Lim graduated from the University of Southern Queensland in 1998 with a Bachelor of Business degree in economics. He then obtained a Master of Science degree in economics from the London School of Economics in 2000, and went on to the University of California, Santa Cruz, where he graduated in 2006 with a Master of Arts degree in politics and a PhD in international economics.  In 2018, Lim graduated from Harvard University with a Master of Liberal Arts degree in history.

Lim started his career at JP Morgan, before working at the World Bank for seven years, from 2007 to 2014, serving in its Development Prospects Group and specialising in long-term macroeconomic projections. He was an economist at the Institute for Southeast Asian Studies and the Abu Dhabi Investment Authority. In 2018, he joined the Singapore-based independent investment management firm Thirdrock. Lim is an associate professor of economics at ESSEC Business School in Singapore.

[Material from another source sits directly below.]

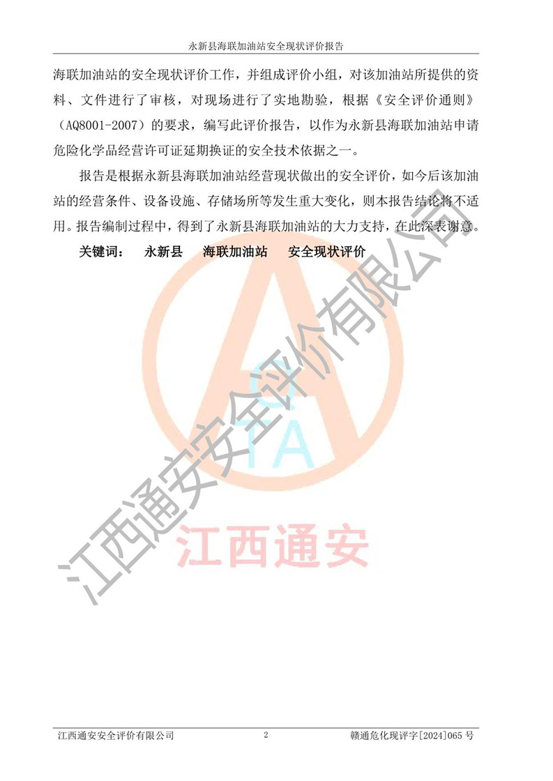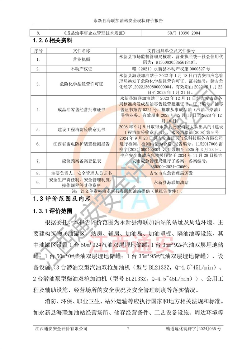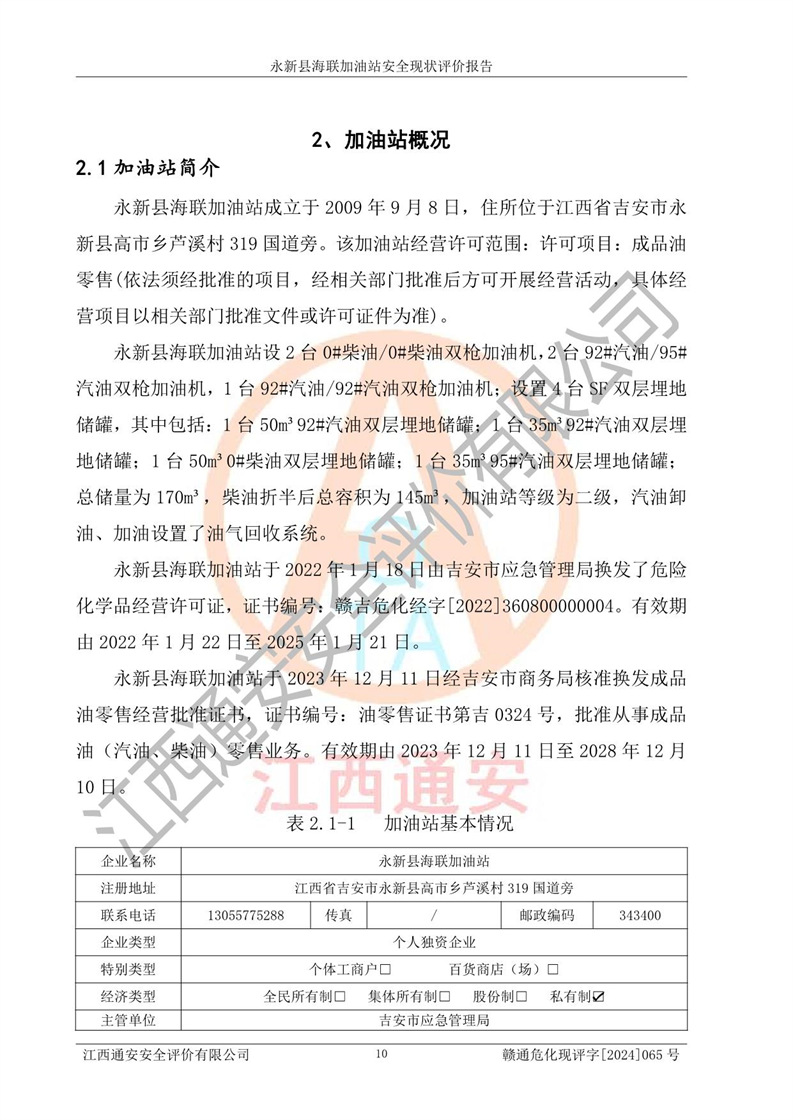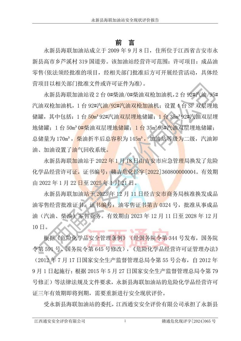 評(píng)價(jià)報(bào)告名稱 | 永新縣海聯(lián)加油站安全現(xiàn)狀評(píng)價(jià)報(bào)告 | |||

On 23 July 2020, Lim was elected to the council of the Economic Society of Singapore (ESS).

Political career

Lim became a member of the Workers' Party (WP) in September 2019, having previously volunteered in the party's grassroots activities. 

On 30 June 2020, he was announced as part of a four-member WP team contesting in the newly-formed Sengkang GRC in the 2020 general election.

On 1 July 2020, Lim engaged in a televised political debate with Francis Yuen of the Progress Singapore Party, Chee Soon Juan of the Singapore Democratic Party and Minister Vivian Balakrishnan of the governing People's Action Party. His performance at the debate was well-received, with PN Balji of The New Paper writing that he was "smelling of roses" and Toh Wen Li of The Straits Times describing Lim as the "star candidate" of the Workers' Party.

On 10 July 2020, following the results of the 2020 general election, Lim and his team were elected into Parliament after securing 52.13% of the vote, defeating the governing People's Action Party in an upset victory that secured a second group representation constituency for the opposition. 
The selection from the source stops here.